関口 本作は、精神的かつ肉体的に追い込まれていくサスペンスフルなホラーですが、ルッキズムの問題や男性主導のハリウッドの在り方などを、巧みに皮肉っている作品でもあります。ショービズ界はそんな状況を変えていけると思いますか? 

町田 映画を観る前は、ジェンダー差別や年齢差別を扱った女性向けのエンパワーメント映画なのかと思っていたのですが、むしろ、女性を固定観念で見てきた人は誰でも、感じるところの多い作品だと思いました。デミは数々の受賞スピーチで、他人の評価で自分を追い込んでいたことを振り返って、「誰かの物差しではなく、自分で自分の価値を知ることが大切」と語っていました。業界全体が変わるには時間がかかるかもしれませんが、ショービズ界に身を置く一人ひとりには、世代を超えて響くメッセージだった気がします。

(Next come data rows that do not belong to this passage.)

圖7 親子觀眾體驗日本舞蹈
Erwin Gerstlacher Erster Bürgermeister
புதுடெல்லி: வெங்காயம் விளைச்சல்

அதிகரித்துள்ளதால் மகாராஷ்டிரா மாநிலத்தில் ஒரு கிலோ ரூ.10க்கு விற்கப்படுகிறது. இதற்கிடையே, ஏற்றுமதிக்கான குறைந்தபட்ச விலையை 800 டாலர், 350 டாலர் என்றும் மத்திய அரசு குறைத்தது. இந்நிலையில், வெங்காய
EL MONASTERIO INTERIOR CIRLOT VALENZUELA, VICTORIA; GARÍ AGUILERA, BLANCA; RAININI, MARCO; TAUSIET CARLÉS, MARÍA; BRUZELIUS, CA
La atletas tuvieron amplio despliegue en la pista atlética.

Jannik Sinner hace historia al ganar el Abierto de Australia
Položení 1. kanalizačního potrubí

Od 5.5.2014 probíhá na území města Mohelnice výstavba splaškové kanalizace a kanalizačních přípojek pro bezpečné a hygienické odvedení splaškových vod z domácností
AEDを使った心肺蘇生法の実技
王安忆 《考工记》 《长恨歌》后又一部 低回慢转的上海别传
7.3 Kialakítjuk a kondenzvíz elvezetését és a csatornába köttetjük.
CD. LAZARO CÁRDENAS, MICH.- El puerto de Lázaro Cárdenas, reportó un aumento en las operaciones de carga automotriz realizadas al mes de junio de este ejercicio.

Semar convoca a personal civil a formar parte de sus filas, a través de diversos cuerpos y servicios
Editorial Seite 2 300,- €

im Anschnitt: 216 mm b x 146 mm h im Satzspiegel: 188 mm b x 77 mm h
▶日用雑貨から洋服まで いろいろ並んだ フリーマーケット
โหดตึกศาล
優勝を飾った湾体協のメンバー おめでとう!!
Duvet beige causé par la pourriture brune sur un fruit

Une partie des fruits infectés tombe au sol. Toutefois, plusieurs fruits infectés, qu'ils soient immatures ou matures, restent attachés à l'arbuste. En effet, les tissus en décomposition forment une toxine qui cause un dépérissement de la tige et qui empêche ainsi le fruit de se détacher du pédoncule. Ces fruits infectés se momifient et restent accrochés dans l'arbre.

金田 ボディホラー (肉体の破壊や変容によって抱かせる恐怖)とか、コメディとか、ひとつの言葉でくくれるような単純な作品ではなくて、いまだに若さやルッキズムを重視するハリウッドやエンタメ業界に対する強烈な批判が根底にあると思います。今年のアカデミー賞主演女優賞は下馬評が高かったデミではなくて、若くてキャリアも浅いマイキー・マディソン( 『ANORA アノーラ』)が受賞したのを見て、「ああ、『サブスタンス』が描いてる通りじゃん」と思っちゃった。あ、マイキーが素晴らしかったことに異論はないですけど。でもやっぱりデミに取ってほしかったな。

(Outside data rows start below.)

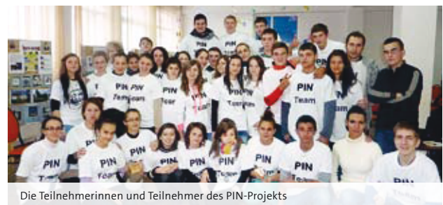
Die Teilnehmerinnen und Teilnehmer des PIN-Projekts

Gelegenheit, mehr über ihre Gemeinde zu erfahren, und den SeniorInnen wurden Würde und Respekt für ihre Lebensleistungen entgegengebracht. Im Dezember 2012 waren die Ergebnisse in einer Ausstellung in Nadrag zu sehen, ab Mitte Mai wird die Ausstellung an der UdV in Timisoara gezeigt.
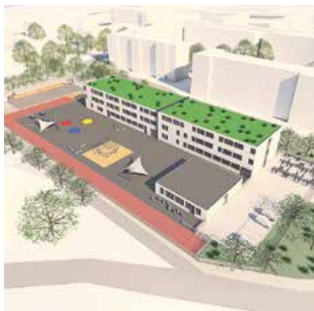
Phase 1: dreizügige Oberschule
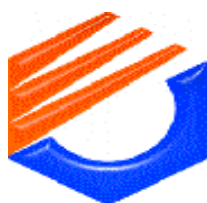
Gambar 1. Logo dari Politeknik Negeri Bandung

Dalam penulisan hasil eksperimen biasanya menampilkan gambar (grafik atau ilustrasi). Judul Gambar ( times 11 ) diletakkan di bawah Gambar terpusat di tengah dengan huruf tegak. Gambar dapat mengisi satu kolom atau dua kolom penuh. Letak gambar berada ditengah kolom. Penomoran Gambar harus berurutan. Untuk gambar silakan mengikuti petunjuk seperti terlihat pada Gambar 1.
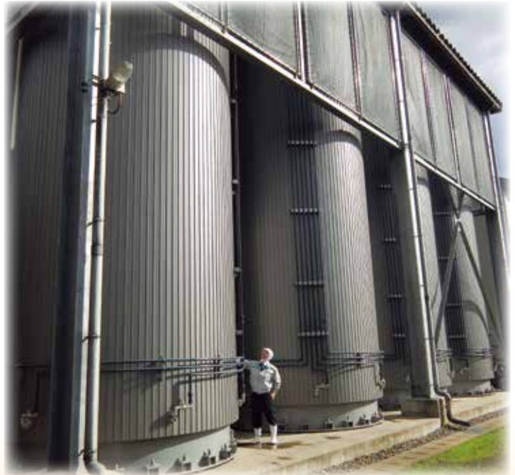
屋外発酵タンク(大きい!)で数ヶ月かけてもろみを発酵させます

どちらの醤油も当社の定番商品であり、普段から皆様のお手元に届く商品が専門家の方々から評価されるという事は光栄なことであるとともに、この賞の名に恥じぬような良質で安心、安全な商品作りに今後も努めてまいります。

関口 デミは、本作でゴールデングローブ賞、放送批評家協会賞 (クリティクス・チョイス・アワード)、全米映画俳優組合賞などを受賞しましたが、アカデミー賞は取っていませんものね。あるインタビューで、「CM中、直感的に自分は受賞しないことが分かったから結果に落胆することはなかった」と言っていたのを、ちょっと意味深に感じてしまった。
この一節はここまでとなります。